Data entries
BEGIN

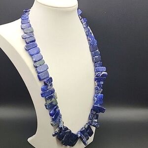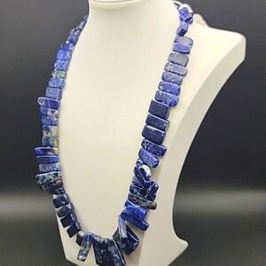 Sodalite Flat Slab 590 Cts Natural Gemstone Single Strand Beaded Necklace
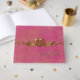 Elegant wedding \ special occasion guest book done in a pink with gold dot pattern. Graphics of gold metallic looking jewel band runs across the middle of the book and is decorated with gold and dark pink jewel like hearts. Gold graphic text, on the front, reads Guest Book. Customise this lovely guest book to add your own text or leave as is.
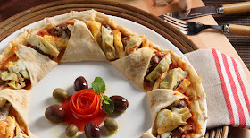 4 تُقطع البيتزا إلى شرائح وتُقدم ساخنة.
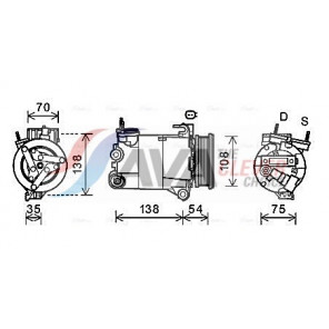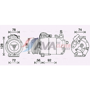 Riemenscheiben-Ø [mm]: 108 | Hubraum-Kompressor [ccm]: 130 | Kompressor-ID: 7VS16IC | Kompressoröl: PAG 46 YF | Steckergehäuseform: rechteckig | Ergänzungsartikel/Ergänzende Info 2: mit PAG-Kompressoröl, mit Magnetkupplung, mit Diode | Einlass-Ø [mm]: 18 | Auslass-Ø [mm]: 10 | Anzahl der Rillen: 6 | Pol-Anzahl: 1 | Öl-Füllmenge [ml]: 130 | Steckerausführung: Female | Kältemittel: R 1234yf | Spannung [V]: 12
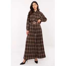 Moderné a pohodlné dámske flanelové nohavice typu palazzo s ležérnym charakterom, ktoré sú ideálne na každodenný styling. Sú vyrobené z kvalitnej zmesi polyesteru, viskózy a elastanu a ponúkajú pohodlie, ľahkosť a jemnú elasticitu, vďaka ktorej sa dokonale prispôsobia postave. Model má vysoký pás a široké nohavice typu palazzo, ktoré opticky predlžujú nohy a dodávajú postave ľahkosť. Bočné vrecká a zapínanie na opasok dodávajú nohaviciam praktickosť a umožňujú zvýrazniť pás. Nohavice majú károvaný vzor, ktorý prináša klasický, nadčasový akcent, a absencia zapínania zaručuje, že sú mimoriadne pohodlné a ľahko sa nosia. Ide o univerzálny model, ktorý je ideálny na každodenný, ležérny styling aj elegantnejšie pracovné komplety.

END

Exercise objective:
What's needed is every line above, retyped exactly and free of pictures.

Your response:
 Sodalite Flat Slab 590 Cts Natural Gemstone Single Strand Beaded Necklace
 Elegant wedding \ special occasion guest book done in a pink with gold dot pattern. Graphics of gold metallic looking jewel band runs across the middle of the book and is decorated with gold and dark pink jewel like hearts. Gold graphic text, on the front, reads Guest Book. Customise this lovely guest book to add your own text or leave as is.
 4 تُقطع البيتزا إلى شرائح وتُقدم ساخنة.
 Riemenscheiben-Ø [mm]: 108 | Hubraum-Kompressor [ccm]: 130 | Kompressor-ID: 7VS16IC | Kompressoröl: PAG 46 YF | Steckergehäuseform: rechteckig | Ergänzungsartikel/Ergänzende Info 2: mit PAG-Kompressoröl, mit Magnetkupplung, mit Diode | Einlass-Ø [mm]: 18 | Auslass-Ø [mm]: 10 | Anzahl der Rillen: 6 | Pol-Anzahl: 1 | Öl-Füllmenge [ml]: 130 | Steckerausführung: Female | Kältemittel: R 1234yf | Spannung [V]: 12
 Moderné a pohodlné dámske flanelové nohavice typu palazzo s ležérnym charakterom, ktoré sú ideálne na každodenný styling. Sú vyrobené z kvalitnej zmesi polyesteru, viskózy a elastanu a ponúkajú pohodlie, ľahkosť a jemnú elasticitu, vďaka ktorej sa dokonale prispôsobia postave. Model má vysoký pás a široké nohavice typu palazzo, ktoré opticky predlžujú nohy a dodávajú postave ľahkosť. Bočné vrecká a zapínanie na opasok dodávajú nohaviciam praktickosť a umožňujú zvýrazniť pás. Nohavice majú károvaný vzor, ktorý prináša klasický, nadčasový akcent, a absencia zapínania zaručuje, že sú mimoriadne pohodlné a ľahko sa nosia. Ide o univerzálny model, ktorý je ideálny na každodenný, ležérny styling aj elegantnejšie pracovné komplety.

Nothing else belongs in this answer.